Хеля представила себе, что у нее внутри что-то растет, и оцепенела от страха. Она припомнила выпуклые — Беатка говорила «выпяченные» — пятнышки, которые появились на листьях клубники минувшим летом; мама и дедушка очень из-за них переживали.
— А те черные пятнышки на клубнике, — спросила она, — это тоже от Матери Божьей?
— Все-таки ты какая-то странная. — Беатка в конце концов потеряла терпение. — Какое Матери Божьей дело до твоей клубники?
Хеля вздохнула.
— Скажи, что делать.
— Покаяться, — ответила Беатка со спокойствием эксперта.
Покаяться, подумала Хеля мрачно. Холодная могила. Грех. Она знала, что это означает, и ощутила тяжесть ситуации. Да, возможно, Беатка права. Не исключено, что легче наслать на ребенка болезнь, чем подобрать американское пальтишко подходящего размера. Это могло бы иметь смысл. Тяжесть нарастала, Матерь Божья Гравитация действовала у Хели внутри. В животе у девочки набухал грех, темный как рак и состоящий из голого мяса, как неоперившийся птенец совы, выпавший из гнезда.
— А может… — начала она, — может, поехать туда через неделю?
— Не поехать, а пойти. Пешком пойти. Чтобы покаяться, у тебя должны быть ободраны ноги. И лучше сразу, потому что если сбудется, то конец тебе. А так, в случае чего, будет про запас. Вот так.
— Пойду обедать, — сказала Хеля бесцветным голосом. — Пока.
— И проси прощения! Обязательно проси прощения! — закричала ей вслед Беатка.
На обед были овощной суп и блины с творогом, вместо котлет, несмотря на воскресенье. Дед не ел котлеты и вообще мясо. Хеле тоже больше нравились блины, но на этот раз у нее не было места для еды. Ее внутренности, несколько часов назад светлые и просторные как небо, теперь были заполнены раком. Вонючими неоперившимися птенцами. Грехом. Она ковыряла вилкой, гоняя кусочки блина по тарелке и рисуя в скользкой сметане извилистые тропинки.

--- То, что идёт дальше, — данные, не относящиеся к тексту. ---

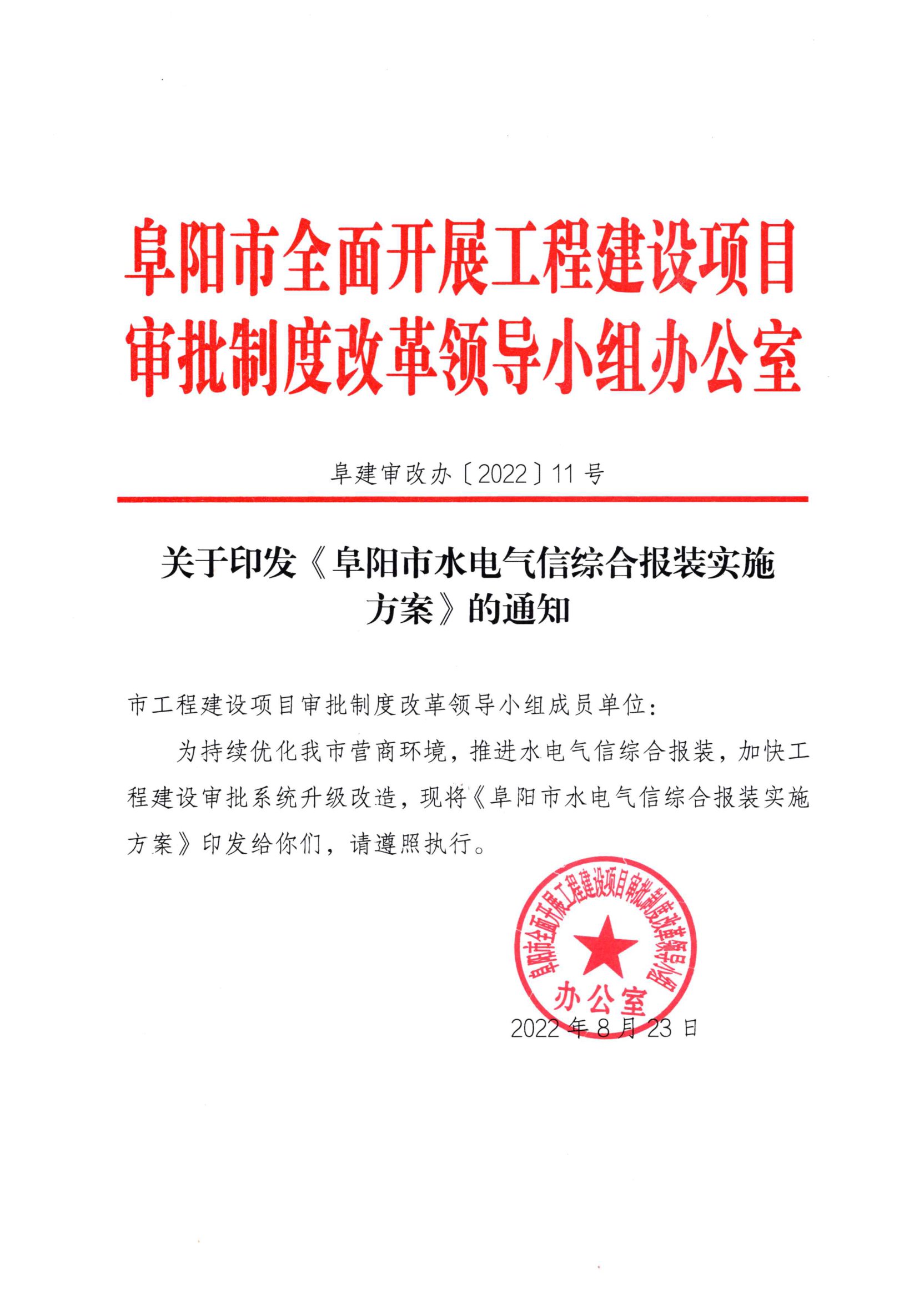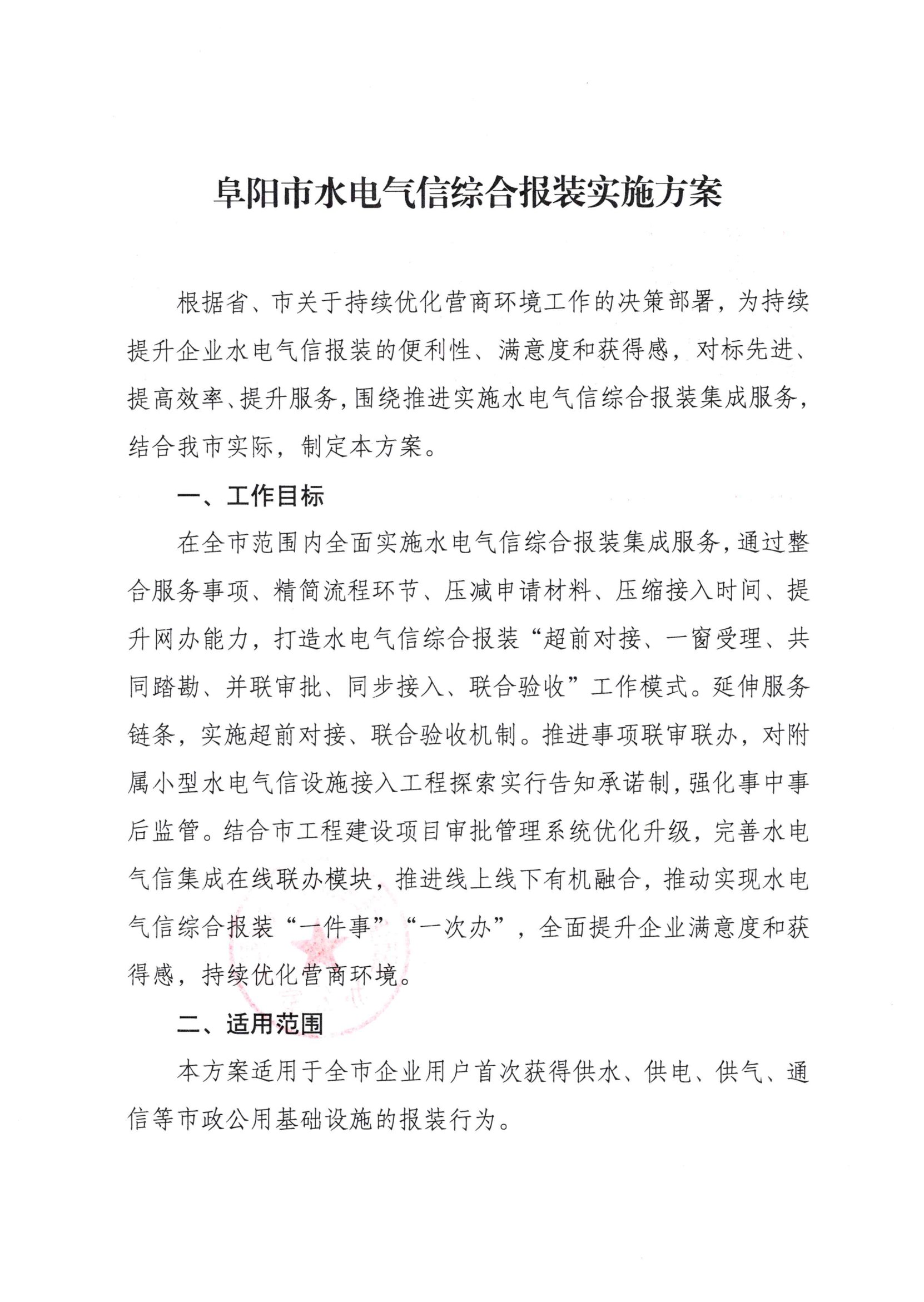 關(guān)于印發(fā)《阜陽市水電氣信綜合報(bào)裝實(shí)施方案》的通知
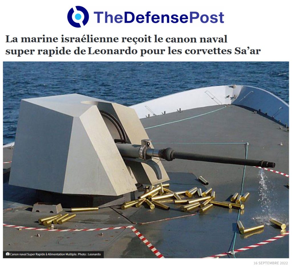 La marine israélienne a reçu le canon naval 76/62 Super Rapid Multi-Feeding de l’entreprise d’armement italienne Leonardo pour deux corvettes de classe 6 Sa’ar à sa base navale de Haïfa
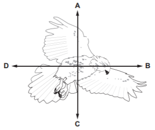 The diagram shows a bird in flight. The bird is flying in a horizontal direction to the right.
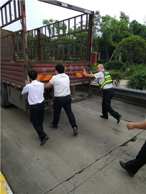 2018年5月27日,這本來是平凡普通的一天,可因?yàn)檫@件事,變成了不一樣的一天。 這一天,溫嶺西高速路收費(fèi)員洪燈杰像往常一樣,在一號超寬車道旁的收費(fèi)亭里工作。一輛綠色汽車剛走不久,卻發(fā)現(xiàn)后面一輛12軸型的小貨車停在那里,一動不動。洪燈杰心生疑惑,于是趕緊走出收費(fèi)亭,到小貨車跟前查看。原來,這輛車剛走到收費(fèi)站面前,便耗盡了電量,發(fā)動不了了。正在司機(jī)焦頭爛額之時(shí),班長湯明漲和其他收費(fèi)員吃飯回來,看見了這一幕。 湯明漲簡單地詢問了洪燈杰事情的經(jīng)過,本來準(zhǔn)備等拖車,可是現(xiàn)在正是中午車輛高峰期,加上五號車道在施工,等拖車不合適。如果導(dǎo)致一號車道堵車,切換成ETC也緩解不了。考慮到這些問題之后,湯班長決定叫來幾個“大力士”,幫忙推車。
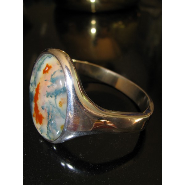 - SOLD - Franz Scheuerle, Donaueschingen, Germany Wonderful oval moss agate plate - great massive silver cuff bracelet with huge cabochon
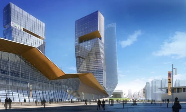 Estos renders corresponden al proyecto ganador del concurso de ideas para la ampliación del Nanjing International Expo Center (NIEC). Está en la ciudad china de Nankín, y es un complejo que actualmente ocupa una extensión de 20,23 hectáreas. Por eso es el mayor centro de congresos y exposiciones de la provincia de Jiangsu.
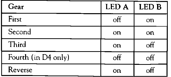 When LED A comes on, the control unit is supplying voltage to shift solenoid A. Likewise, when LED B comes on, shift solenoid B is being supplied voltage. If the trans doesn't shift, but the LEDs show the right shift signals, the control unit is OK. Test the shift solenoids themselves next. If they're OK, there's an internal transmission problem.

— Ты что-то бледная, тебе не нравится? — спросила мама.
— Наверняка наелась печенья у Зайонцев, — фыркнула Алиция, немного обиженная, что сестра пошла к их любимой общей подружке одна.
— А вот и нет, — возразила слабым голосом Хеля, потому что при мысли о сладком ей стало нехорошо. — Я просто… не хочу есть.
— Что случилось? — спросила мама. — Что с тобой?
— Ничего, правда, — ответила девочка, но в тот же миг почувствовала, что та ложка супа, которую она сумела в себя впихнуть, возвращается, что к ее горлу подходят съеденные в машине сласти и что никакого спасения уже не будет.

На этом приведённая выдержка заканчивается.